The situation with your child depends a bit on the situation. You said the child was from a former marriage (or I thought you did - maybe not). But if the father's name really does not figure on the child's birth certificate, then you should be able to get the appropriate visa for the child as your dependent (and based on the sort of visa you wind up obtaining). 

Regardless where you get married, however, the child will not get any sort of nationality rights or relationship rights to your husband - normally he would have to formally adopt the child, and that will take some jumping through hoops to establish that the child's father really has relinquished (or never had) any claim on the child.

As far as the requirements for getting married in Denmark, start with the US Consulate there: Getting Married | Copenhagen, Denmark - Embassy of the United States
Cheers,
Bev


----------



## American1234 (Dec 19, 2015)

So what would be the first step then ? Do I just fill out a visa online or somethingg? How much does it typically cost? How about the wait times? I don't know what to do first. My child and I are both born in usa.


----------



## ALKB (Jan 20, 2012)

American1234 said:


> So what would be the first step then ? Do I just fill out a visa online or somethingg? How much does it typically cost? How about the wait times? I don't know what to do first. My child and I are both born in usa.


The first thing would be to make sure you know your fiancé's immigration status in Germany.

Ask him to send you an image of his vignette or BRP card.

It should state the type of residence permit he has.

Information on marriage in Denmark:

Marriage


----------



## Nononymous (Jul 12, 2011)

American1234 said:


> So what would be the first step then ? Do I just fill out a visa online or somethingg? How much does it typically cost? How about the wait times? I don't know what to do first. My child and I are both born in usa.


The first step is not yours to take but your fiancé's - he needs to determine whether his status in Germany will allow him to be joined by a spouse and dependent child. By now he's probably familiar with the Ausländerbehörde, those are the people he needs to ask. 

Assuming it's possible - and it sounds like it should be if he's legally living and working in Germany and earning enough to support you both - then the next step is to get married somewhere - the US or Denmark would be the obvious choices (not Germany - bureaucratic nightmare).

The third step is for you to move to Germany and apply for a residence permit. As US citizens, you don't need visas beforehand, you can take care of the paperwork within 90 days of arrival. But you would want to know exactly what papers to bring with you, what needs translating, etc. - another matter for your fiancé to sort out with the Ausländerbehörde.

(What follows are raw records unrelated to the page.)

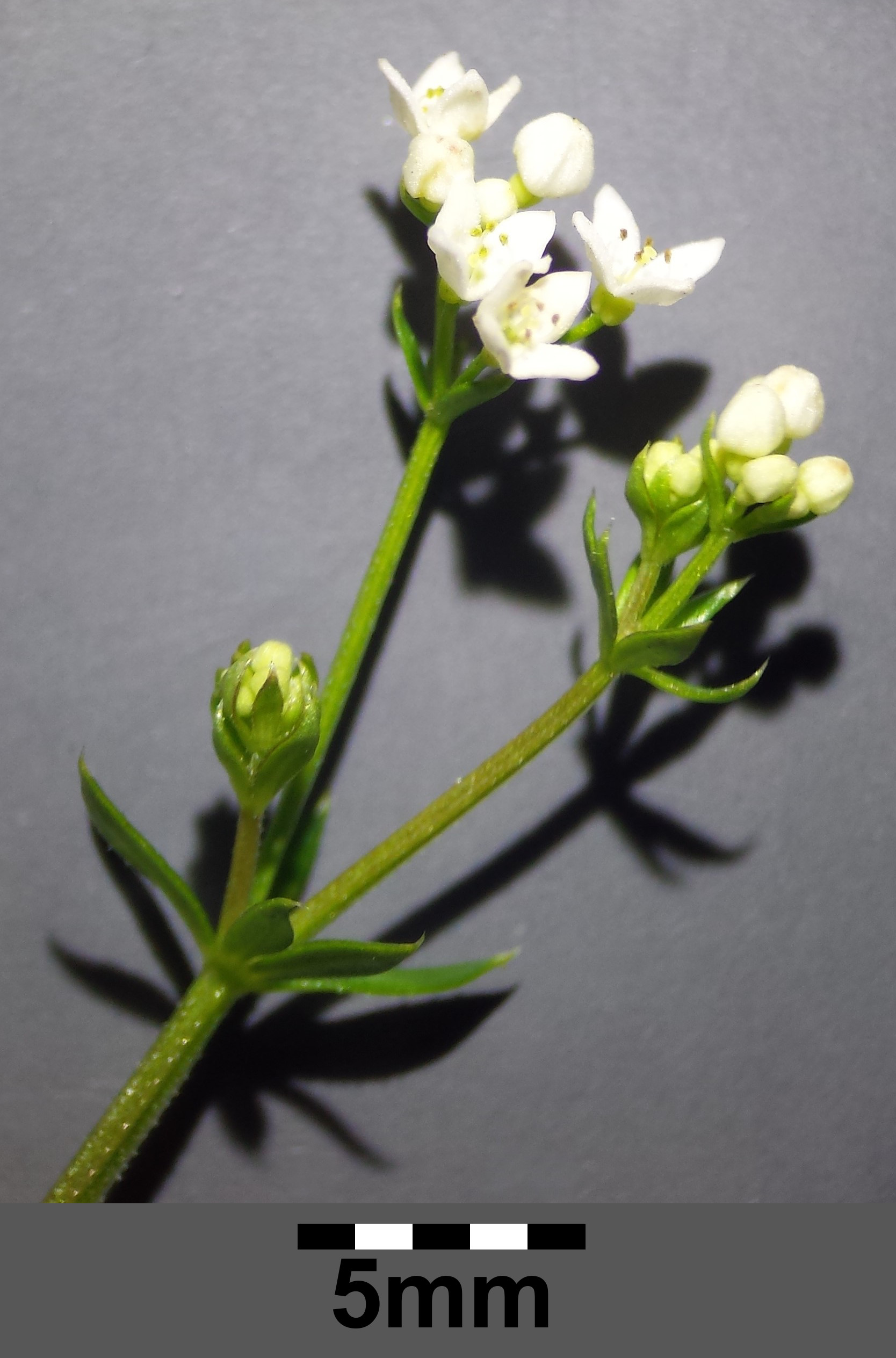 Inflorescence Taxonym: Galium uliginosum ss Fischer et al. EfÖLS 2008 ISBN 978-3-85474-187-9 Location: near Komau, district Freistadt, Upper Austria - ca. 850 m a.s.l. Habitat: brookside
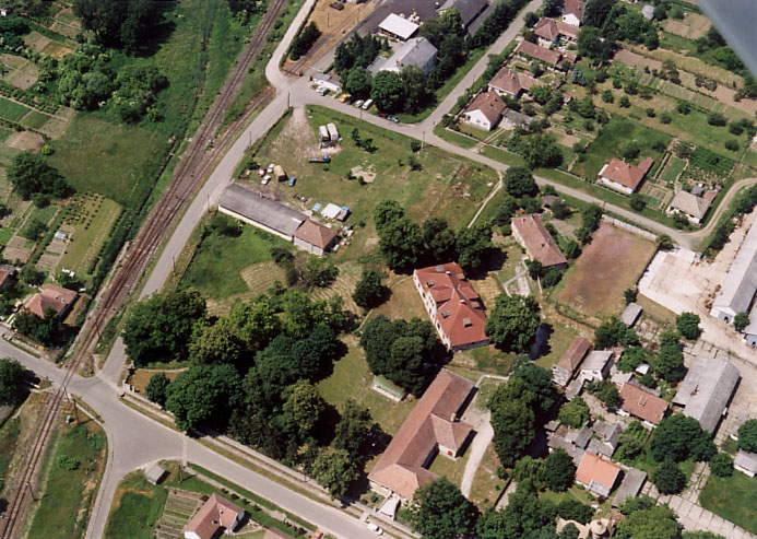 Palace - Tolmács - Hungary - Europe
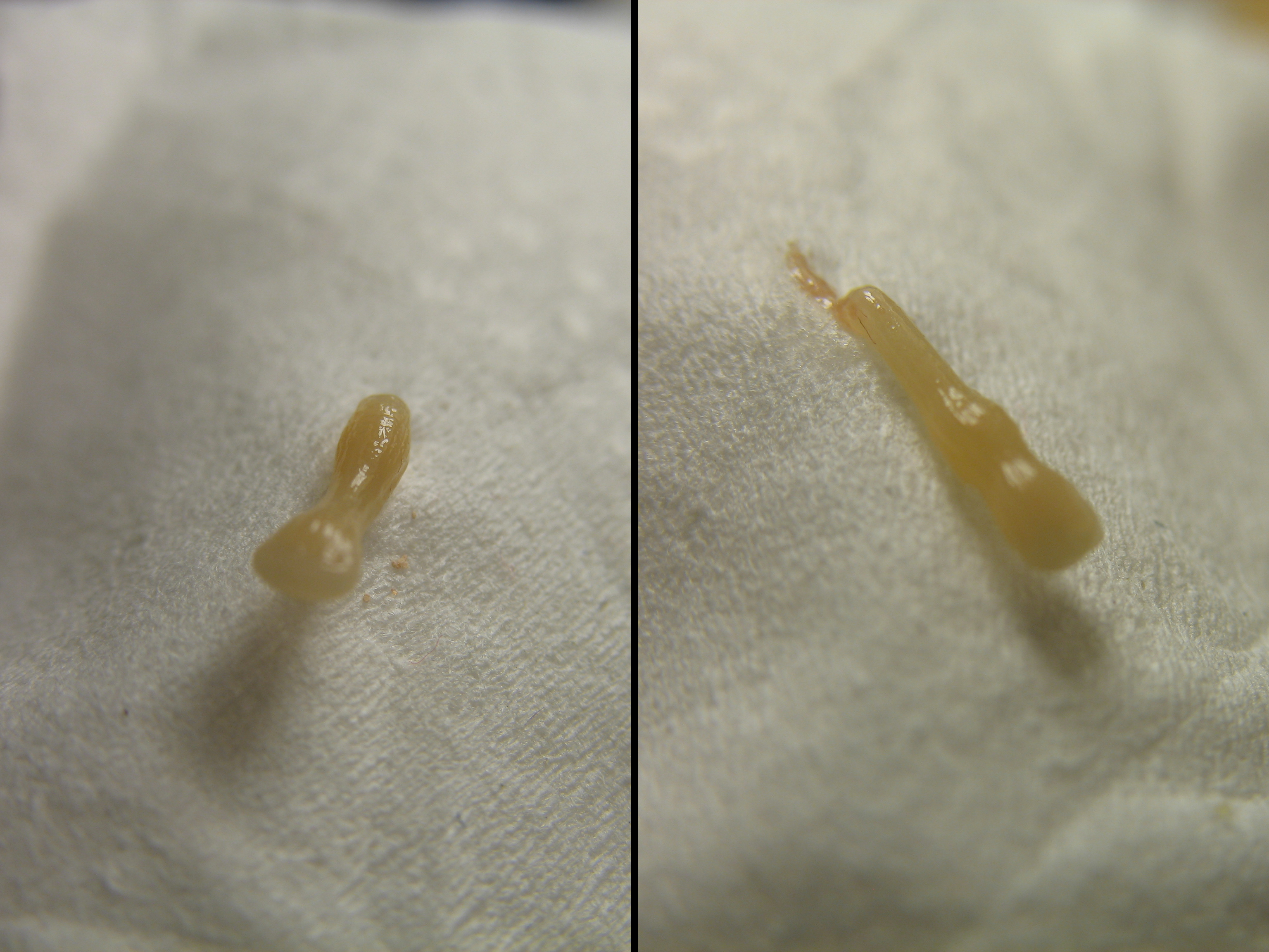 Macro photos of Dipylidium caninum.
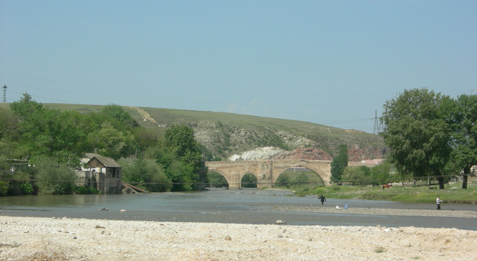 Khrami River with the Red Bridge, Azerbaijan-Georgia border
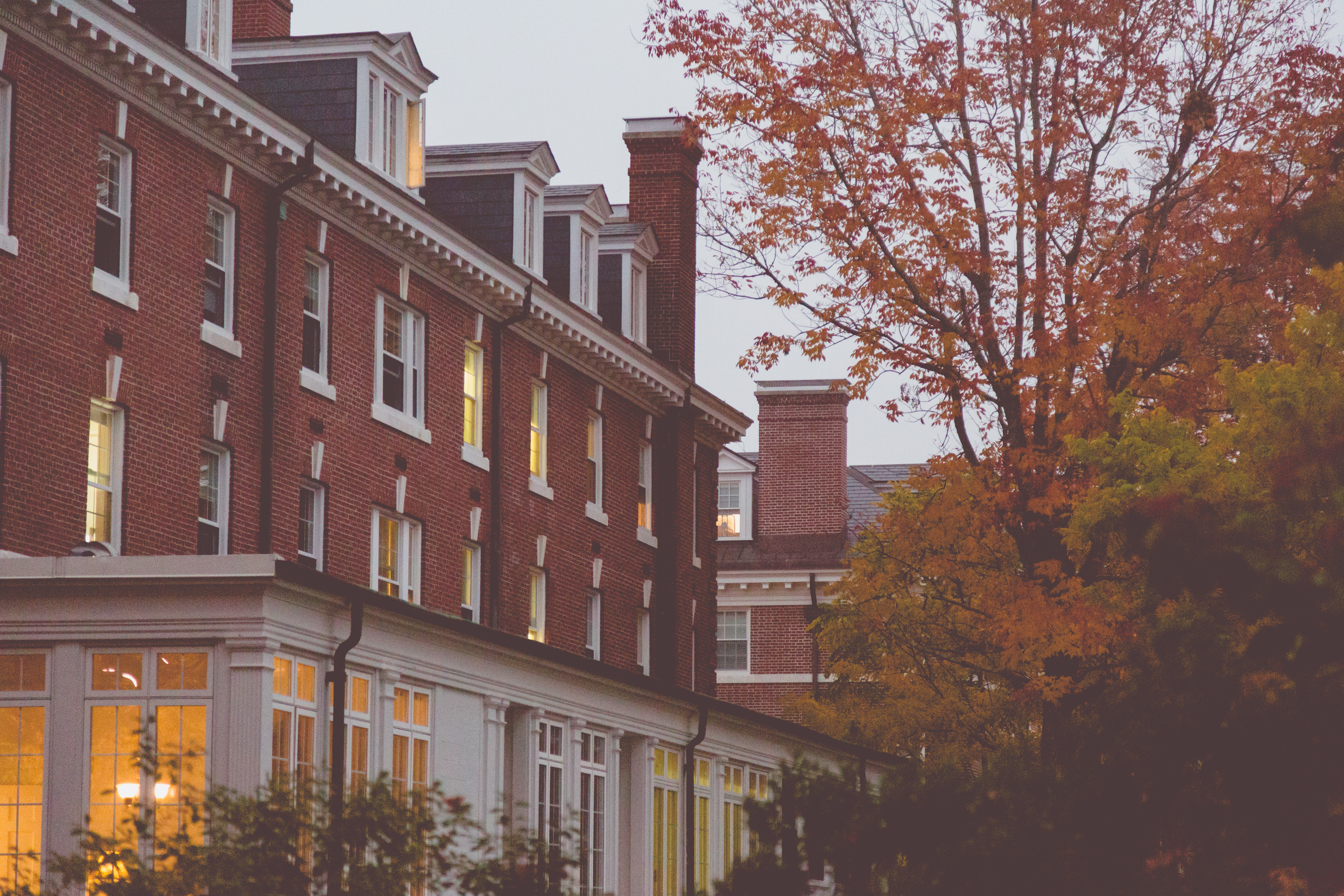 Phillips Exeter Academy, Exeter, New Hampshire
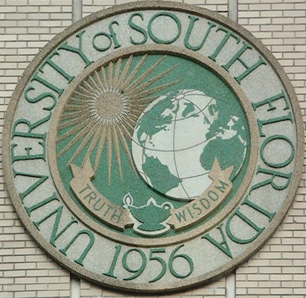 University of South Florida seal.
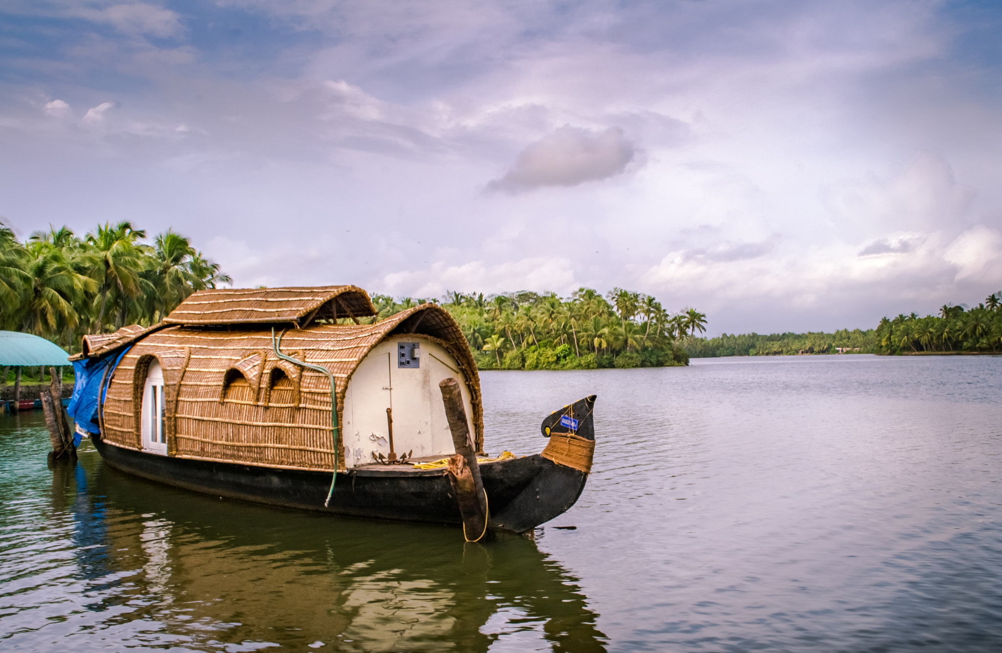 500px provided description: A backwater scene from Biyyam Kayal near Ponnani in Kerala. [#sky ,#lake ,#reflections ,#water ,#nature ,#travel ,#boats ,#backwaters ,#outdoors ,#scenic ,#dramtic ,#river scene ,#Kayal ,#no person ,#Ponnani ,#Landscape ,#Kerala ,#Gods own country ,#backwaters of Kerala ,#Houseboat in Kerala ,#Kerala tourism ,#Kerala backwaters ,#Kerala travel ,#Kerala houseboat ,#Biyyam Kayal ,#Kerala village scene]

What I'm implying here is that your fiancé needs to be the one doing the legwork, as he's bringing you into the country where he's currently living, and he's the one who should know how to deal with the local authorities.

I have no idea if there would be complications due to single parenthood. It might be worth hiring an immigration consultant or lawyer in Germany to steer you both through the process.


----------



## Crawford (Jan 23, 2011)

Macedonia is not a member of the EU; so your fiance has no right to live and work in Germany _as an EU citizen would._

He would need to have a work visa or something similar - I would carefully check this if I were you. You would not want to find yourself moving to Germany only to find you have no rights to live there either.


----------



## Kimberley12 (Dec 15, 2015)

Germany was great, very clean. Life is Europe is nice and slow. Family comes first and the job second.. I recommend going to a big city, Berlin would be a very good choice because it's really easy to adapt to and like I said there are a lot of different options.


----------